The company's first quarter net income was down 43.6 percent during the pandemic due to a lack of elective spine surgeries, but CEO Chris Barry said during the earnings call that NuVasive plans to continue investing in research and development efforts for robotic technology and developing the Pulse system.

"In parallel, our robotics application development continues, and we are making good traction on the software and hardware arm component of the system," he said, as transcribed by Seeking Alpha. "Our integrated platform strategy remains on track and continues to be validated by the market, and we will continue to forge ahead."

4. Zimmer Biomet achieved FDA 510(k) clearance for the minimally invasive Rosa One Spine System in March 2019. The company acquired the technology when it purchased Medtech in 2016 for $132 million.
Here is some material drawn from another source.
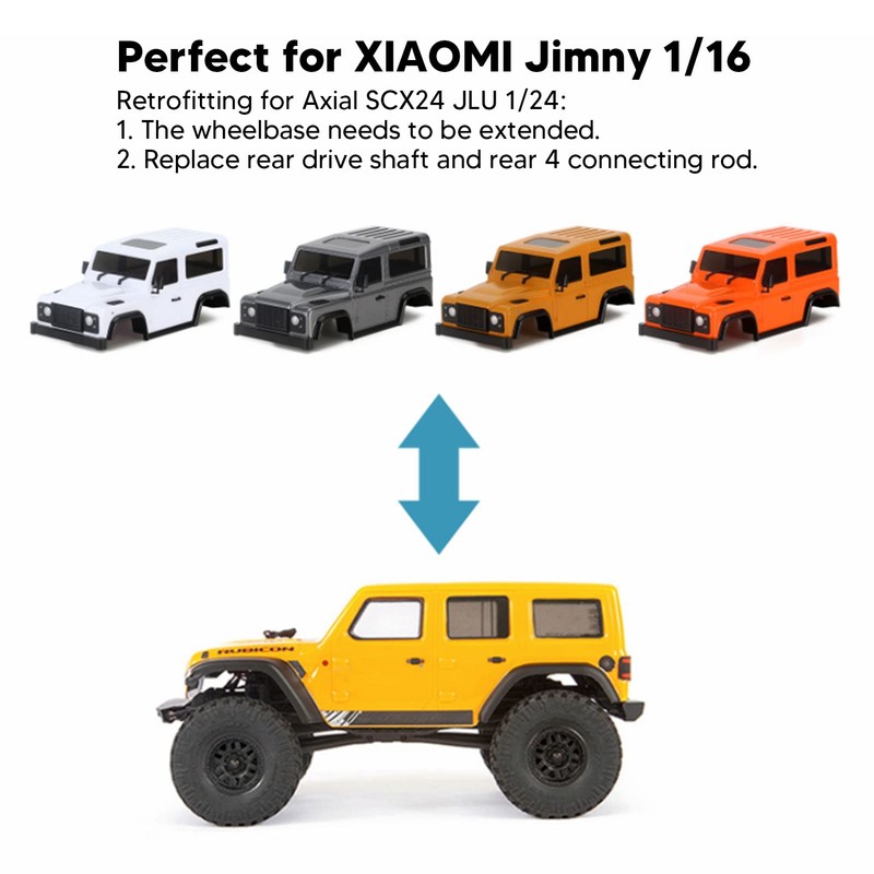 - Compatibility Plus: Ideal for 1/16 RC cars and SCX24 1/24, this shell requires modifications such as lengthening the wheelbase and replacing the rear drive shaft and the rear 4 connecting rods to fit perfectly, offering a tailored upgrade to your favorite RCs
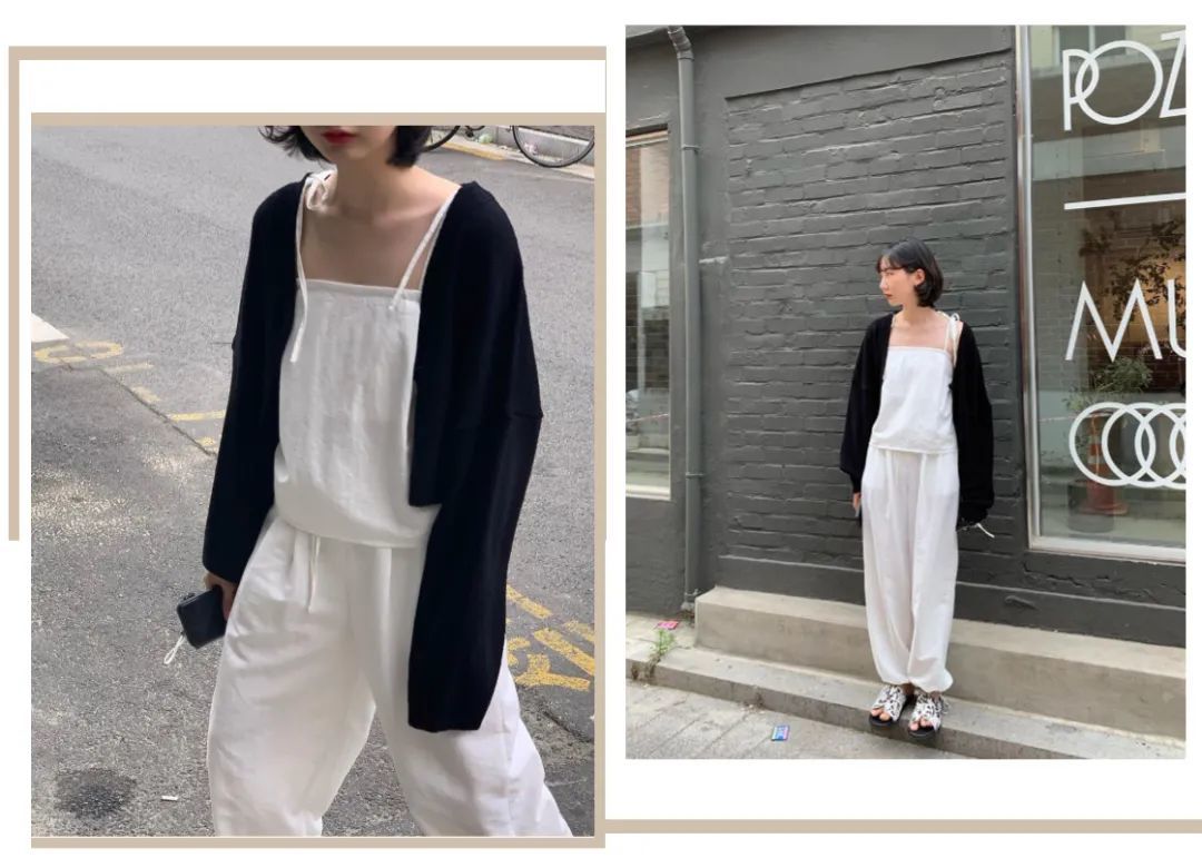 个性女孩也有个性女孩穿法,白色吊带搭配同色收脚裤,随性且放松,黑色针织外套很酷很低调,还会降低上衣的欲感,只若隐若现露出绑带一角,性感又可爱。

The system provides navigation support and is part of Zimmer Biomet's robotic portfolio, which also includes the Rosa Knee.

Zack's Equity reported that Rosa One Spine, Knee and Brain systems had been performing well ahead of the pandemic. "The fact is when we look at ROSA and any other robotics-related initiatives that we have, these are key priorities," said President and CEO Bryan Hanson during the first quarter conference call, as transcribed by Seeking Alpha. "And our investment, if anything, will accelerate right now and certainly the focus on these projects. And we're going to continue to build out our dedicated specialty sales teams and other high-value commercial programs. These things will not stop during this time."

He said the company did not have any deal cancellations and instead reported some deal deferments. "We are still seeing people trying to get queued up for training, which is a very good leading indicator of where robotics is going to go, and so we feel good about it," he said. Mr. Hanson also said the company will be flexible to meet the needs of customers in terms of acquiring and placing systems.

"The fact is we've got to remember that the major benefits associated with ROSA or robotics placement isn't necessarily the capital sale upfront. It's nice to have, no question about it, but it's really more around the annuity," he said.